**** Information ****

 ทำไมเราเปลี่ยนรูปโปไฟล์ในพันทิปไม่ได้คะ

****
**** Information ****

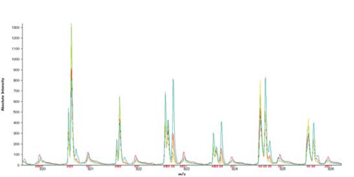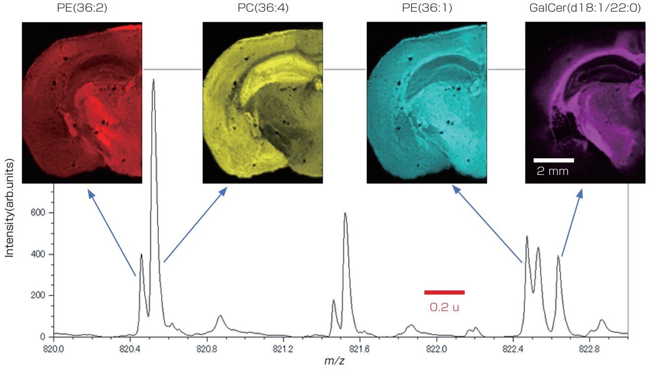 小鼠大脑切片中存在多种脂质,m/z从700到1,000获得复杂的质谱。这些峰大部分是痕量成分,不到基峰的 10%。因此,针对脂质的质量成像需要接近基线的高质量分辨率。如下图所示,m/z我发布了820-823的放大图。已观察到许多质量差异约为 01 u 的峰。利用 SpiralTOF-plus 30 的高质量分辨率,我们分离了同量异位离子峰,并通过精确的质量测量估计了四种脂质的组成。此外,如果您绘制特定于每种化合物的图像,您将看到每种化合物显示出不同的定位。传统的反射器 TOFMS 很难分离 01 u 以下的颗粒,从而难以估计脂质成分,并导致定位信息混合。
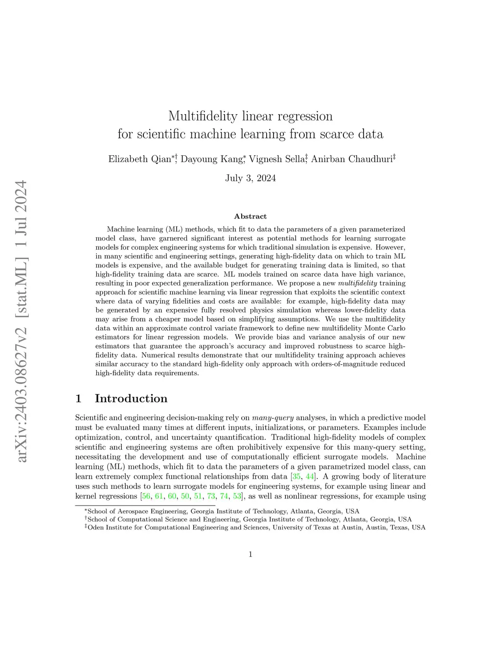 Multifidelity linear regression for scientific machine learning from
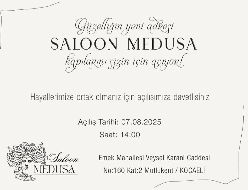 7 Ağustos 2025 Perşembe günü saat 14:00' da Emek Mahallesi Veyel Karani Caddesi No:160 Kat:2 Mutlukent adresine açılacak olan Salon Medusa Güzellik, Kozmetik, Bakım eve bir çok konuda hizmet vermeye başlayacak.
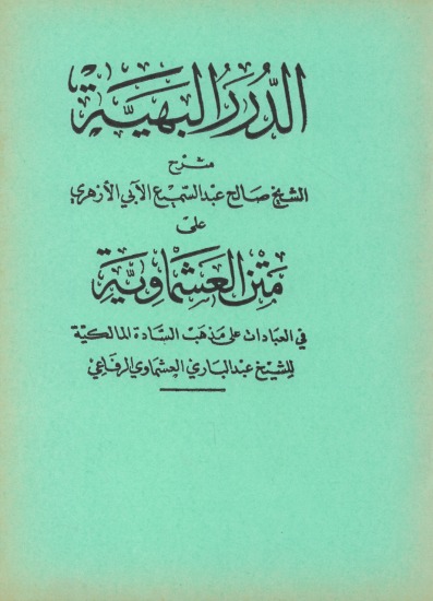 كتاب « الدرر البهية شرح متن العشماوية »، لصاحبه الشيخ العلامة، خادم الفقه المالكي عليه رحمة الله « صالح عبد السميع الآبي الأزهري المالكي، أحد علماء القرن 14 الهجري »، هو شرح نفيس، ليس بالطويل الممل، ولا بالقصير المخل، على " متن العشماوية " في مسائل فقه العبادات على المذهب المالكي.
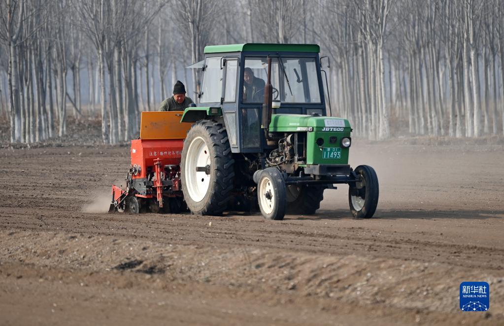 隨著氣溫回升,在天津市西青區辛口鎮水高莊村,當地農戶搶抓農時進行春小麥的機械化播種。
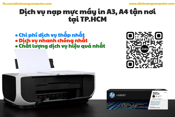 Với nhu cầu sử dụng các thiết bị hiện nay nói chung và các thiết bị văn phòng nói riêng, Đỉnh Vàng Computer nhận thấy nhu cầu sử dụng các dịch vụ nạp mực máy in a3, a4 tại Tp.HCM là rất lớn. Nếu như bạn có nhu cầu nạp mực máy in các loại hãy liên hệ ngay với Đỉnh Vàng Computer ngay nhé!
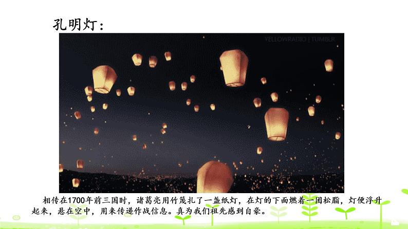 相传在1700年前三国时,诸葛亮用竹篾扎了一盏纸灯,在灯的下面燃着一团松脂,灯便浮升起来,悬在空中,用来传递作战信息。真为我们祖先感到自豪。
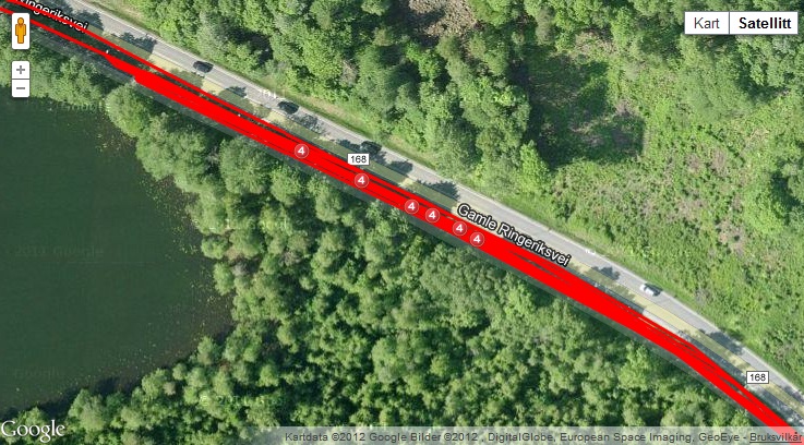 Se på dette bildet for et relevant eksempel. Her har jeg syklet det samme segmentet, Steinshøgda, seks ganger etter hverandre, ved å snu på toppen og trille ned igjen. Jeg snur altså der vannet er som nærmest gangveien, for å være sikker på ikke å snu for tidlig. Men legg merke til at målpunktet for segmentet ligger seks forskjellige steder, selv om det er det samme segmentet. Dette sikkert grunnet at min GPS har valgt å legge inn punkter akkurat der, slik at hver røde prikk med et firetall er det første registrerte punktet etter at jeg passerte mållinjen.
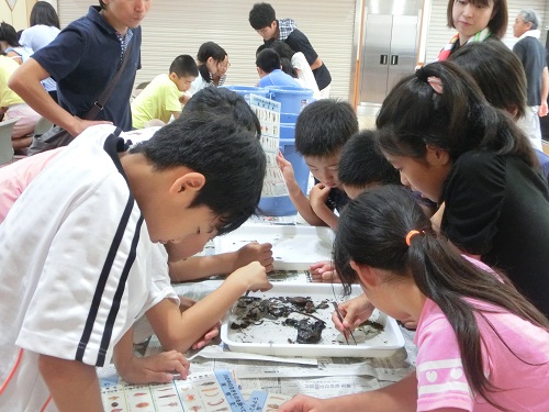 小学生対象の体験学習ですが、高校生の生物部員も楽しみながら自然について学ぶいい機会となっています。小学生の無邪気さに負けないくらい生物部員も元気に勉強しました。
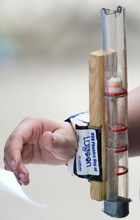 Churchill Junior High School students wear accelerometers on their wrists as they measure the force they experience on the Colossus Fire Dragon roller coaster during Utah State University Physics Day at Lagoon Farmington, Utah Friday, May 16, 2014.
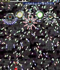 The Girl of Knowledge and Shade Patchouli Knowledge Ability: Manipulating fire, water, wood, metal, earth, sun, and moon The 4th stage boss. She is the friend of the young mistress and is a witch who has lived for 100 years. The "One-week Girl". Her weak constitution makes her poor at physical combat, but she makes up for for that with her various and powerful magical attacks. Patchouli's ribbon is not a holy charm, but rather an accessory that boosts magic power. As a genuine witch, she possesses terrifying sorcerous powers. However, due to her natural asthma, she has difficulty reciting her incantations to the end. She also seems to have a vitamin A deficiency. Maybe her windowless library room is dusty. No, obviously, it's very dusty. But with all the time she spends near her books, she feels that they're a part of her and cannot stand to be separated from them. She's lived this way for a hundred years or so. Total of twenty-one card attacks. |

****
**** Information ****

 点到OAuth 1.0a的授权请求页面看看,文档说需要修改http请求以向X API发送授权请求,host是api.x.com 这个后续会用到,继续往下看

****

Start with the line with "隨著氣溫回升,在天津市西青區" in the listing above and stop after the line with "相传在1700年前三国时,诸". Write out exactly the lines in that stretch and no others, without pictures.

 隨著氣溫回升,在天津市西青區辛口鎮水高莊村,當地農戶搶抓農時進行春小麥的機械化播種。
 Với nhu cầu sử dụng các thiết bị hiện nay nói chung và các thiết bị văn phòng nói riêng, Đỉnh Vàng Computer nhận thấy nhu cầu sử dụng các dịch vụ nạp mực máy in a3, a4 tại Tp.HCM là rất lớn. Nếu như bạn có nhu cầu nạp mực máy in các loại hãy liên hệ ngay với Đỉnh Vàng Computer ngay nhé!
 相传在1700年前三国时,诸葛亮用竹篾扎了一盏纸灯,在灯的下面燃着一团松脂,灯便浮升起来,悬在空中,用来传递作战信息。真为我们祖先感到自豪。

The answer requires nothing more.